DIRECTIONS FOR THIS TASK :: Exactly the lines below from the one with "讲座伊始,吴丽玉老师首先通过" up to and including the one with "- Высокотехнологичная передача" make up the answer, with nothing else added.

EXERCISE DATA ::

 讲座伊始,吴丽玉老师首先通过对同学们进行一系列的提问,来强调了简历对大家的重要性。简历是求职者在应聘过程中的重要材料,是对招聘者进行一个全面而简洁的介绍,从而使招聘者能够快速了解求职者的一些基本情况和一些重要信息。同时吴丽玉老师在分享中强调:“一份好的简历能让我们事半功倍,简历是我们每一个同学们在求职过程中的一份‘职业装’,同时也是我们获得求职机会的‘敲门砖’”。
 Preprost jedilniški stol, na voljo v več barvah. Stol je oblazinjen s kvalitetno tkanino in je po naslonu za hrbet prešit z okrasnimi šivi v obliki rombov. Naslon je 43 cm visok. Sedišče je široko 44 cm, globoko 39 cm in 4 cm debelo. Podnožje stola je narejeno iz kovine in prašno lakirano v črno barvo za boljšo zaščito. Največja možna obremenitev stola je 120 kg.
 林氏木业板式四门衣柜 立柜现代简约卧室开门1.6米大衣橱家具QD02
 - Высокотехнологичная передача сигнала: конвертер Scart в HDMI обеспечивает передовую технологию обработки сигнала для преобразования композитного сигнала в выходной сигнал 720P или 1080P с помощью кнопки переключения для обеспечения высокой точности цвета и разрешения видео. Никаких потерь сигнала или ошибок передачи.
* * *
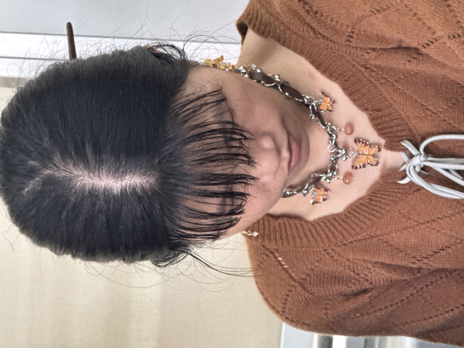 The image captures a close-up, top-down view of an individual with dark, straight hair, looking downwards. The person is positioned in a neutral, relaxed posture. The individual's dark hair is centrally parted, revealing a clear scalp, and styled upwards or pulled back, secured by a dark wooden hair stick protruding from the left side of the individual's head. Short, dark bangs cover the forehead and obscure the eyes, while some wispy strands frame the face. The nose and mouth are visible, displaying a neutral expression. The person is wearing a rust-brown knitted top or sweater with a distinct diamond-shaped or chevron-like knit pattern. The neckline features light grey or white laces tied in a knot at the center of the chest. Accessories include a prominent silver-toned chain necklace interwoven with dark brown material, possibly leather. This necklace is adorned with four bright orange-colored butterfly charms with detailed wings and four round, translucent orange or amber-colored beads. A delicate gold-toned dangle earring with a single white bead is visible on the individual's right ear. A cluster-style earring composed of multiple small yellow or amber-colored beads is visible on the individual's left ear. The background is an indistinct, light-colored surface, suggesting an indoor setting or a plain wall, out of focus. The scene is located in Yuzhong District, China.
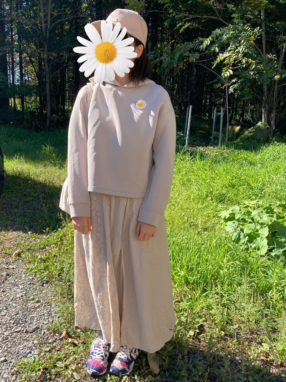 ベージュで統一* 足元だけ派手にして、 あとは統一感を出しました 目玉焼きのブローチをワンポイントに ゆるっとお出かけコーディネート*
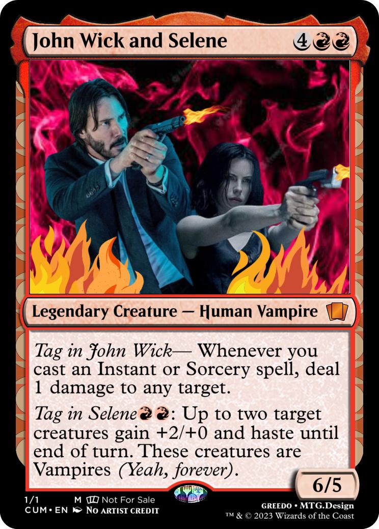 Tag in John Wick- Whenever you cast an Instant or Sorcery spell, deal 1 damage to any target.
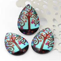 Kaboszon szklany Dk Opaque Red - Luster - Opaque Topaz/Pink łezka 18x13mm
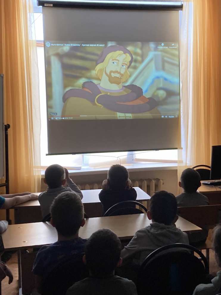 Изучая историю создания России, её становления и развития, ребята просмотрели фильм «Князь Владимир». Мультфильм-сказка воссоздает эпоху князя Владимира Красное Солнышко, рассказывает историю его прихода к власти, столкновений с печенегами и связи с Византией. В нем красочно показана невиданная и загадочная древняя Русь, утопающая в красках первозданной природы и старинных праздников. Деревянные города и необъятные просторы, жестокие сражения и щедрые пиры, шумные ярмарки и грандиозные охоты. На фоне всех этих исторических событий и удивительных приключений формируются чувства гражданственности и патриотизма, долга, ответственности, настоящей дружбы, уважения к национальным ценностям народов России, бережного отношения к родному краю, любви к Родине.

TASK SOLUTION ::
 讲座伊始,吴丽玉老师首先通过对同学们进行一系列的提问,来强调了简历对大家的重要性。简历是求职者在应聘过程中的重要材料,是对招聘者进行一个全面而简洁的介绍,从而使招聘者能够快速了解求职者的一些基本情况和一些重要信息。同时吴丽玉老师在分享中强调:“一份好的简历能让我们事半功倍,简历是我们每一个同学们在求职过程中的一份‘职业装’,同时也是我们获得求职机会的‘敲门砖’”。
 Preprost jedilniški stol, na voljo v več barvah. Stol je oblazinjen s kvalitetno tkanino in je po naslonu za hrbet prešit z okrasnimi šivi v obliki rombov. Naslon je 43 cm visok. Sedišče je široko 44 cm, globoko 39 cm in 4 cm debelo. Podnožje stola je narejeno iz kovine in prašno lakirano v črno barvo za boljšo zaščito. Največja možna obremenitev stola je 120 kg.
 林氏木业板式四门衣柜 立柜现代简约卧室开门1.6米大衣橱家具QD02
 - Высокотехнологичная передача сигнала: конвертер Scart в HDMI обеспечивает передовую технологию обработки сигнала для преобразования композитного сигнала в выходной сигнал 720P или 1080P с помощью кнопки переключения для обеспечения высокой точности цвета и разрешения видео. Никаких потерь сигнала или ошибок передачи.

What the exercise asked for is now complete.